The Final Verdict on Windows Vista

I've been using Windows Vista for almost five months now and I'm ready to get it said. I like Vista. No, I love Vista. Now, this is a very rare occurrence for me to love a Microsoft Operating System so early in the game - but it has happened.

Many have argued that Vista lacks "anything new" and it "fiddles with an interface that already works" , and to them I say hogwash! Many have complained and pointed out that Vista is just pretty icing atop an already well baked cake - and they're right. We can debate the quality of baking here, but it is primarily delicious icing atop an already baked cake of usefulness.

Many will argue with you about how the aesthetics don't matter, but I believe that it really does matter.
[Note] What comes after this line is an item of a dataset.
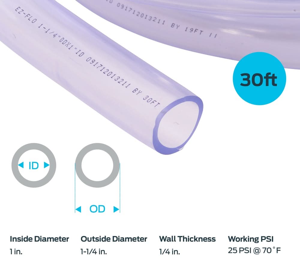 EZ-FLO 1-in Inner Diameter PVC Clear vinyl tubing (By-the-Foot)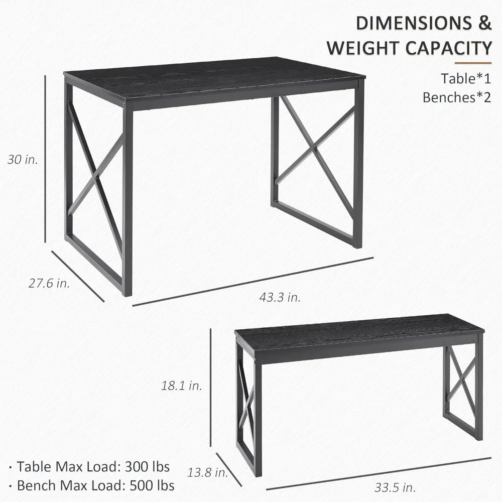 This dining table set is ideal for compact spaces, featuring a 43.3-inch rectangle table accompanied by two 33.5-inch benches. The benches can be conveniently stored under the table when not in use, maximizing space efficiency. Crafted from reinforced MDF board and steel tubes, the kitchen table and benches promise durability and sturdiness. The tabletop, along with its black painted frame, boasts water and scratch resistance, making it easy to maintain and suitable for everyday use. Assembly is straightforward due to the table set's simple design, with all necessary parts and tools provided and clearly marked. This table set comfortably seats four, making it perfect for family meals. Its wooden grain top and sleek black frame offer a versatile look that fits well in any kitchen, living room, or small area. Should you face any issues with your purchase, our customer service is ready to assist with free parts or a full item replacement.

For me, what makes Vista so great isn't one or two big new things that add up to create a much better feeling experience. All of the icing, as it were, ends up making everything a little easier to use and in the end makes the whole system better.

Many directly complain about Aero just being there to "look pretty". My rebuttal is simply, "what's wrong with that?". If my interface simply looks better and I feel like it suits my tastes better, won't it make me happier in doing whatever I'm doing? Aero's new rendering engine makes everything render much more smoothly and appear much more attractively. This isn't even to begin touching on Vista's amazing new font-rendering engine which makes looking at XP's ClearType (which is worlds better than Windows 98's Font Smoothing which is...) painful.

Little features, too, help to make the difference. The customizable side-bar in Explorer is a change made that utterly revolutionizes the way I use Explorer and mscom save dialogs. I no longer need to hunt for any of my common folders, I just click and there I am. I am constantly reaching for it whenever I use an XP box. Even the progress bar representing hard disk usage has a noticeable impact on my daily use habits, since I no longer need to do the old "Right Click - Properties" shuffle.

Also, while it is available for XP, Windows Media Player 11 fits right in with Vista. I have to thank Andy for turning me on to this one, but it ends up being the best media player that I've ever worked with. The views are wonderfully thought-out with genre breakouts, album breakouts and artist breakouts. If you pull up a search that returns multiple albums, they are each seperated - so you never have the googlie eyed stare at 1,000 music results that you get with iTunes.

What's not to like? Gaming Performance. I've still got my XP partition around for gaming, and I don't think that's going to change anytime soon. I can observe noticeable differences in frame rates in Warhammer 40k, Battlefield 2 and just about everything else that I've tried under Vista Vs. XP. It seems like there's a lot going on under the hood, that we don't really have control over.

So, where do I stand now? I love Vista. It's not there for gaming, but as a day-to-day workstation - it makes a wonderful OS choice.

Note: I'm not even considering licensing issues. The OS market is so woefully messed up that there's no point in even discussing them.


Andy

I agree. With all of it.

Jordan T. Cox

Yae! Agreement. What else do you like about Vista?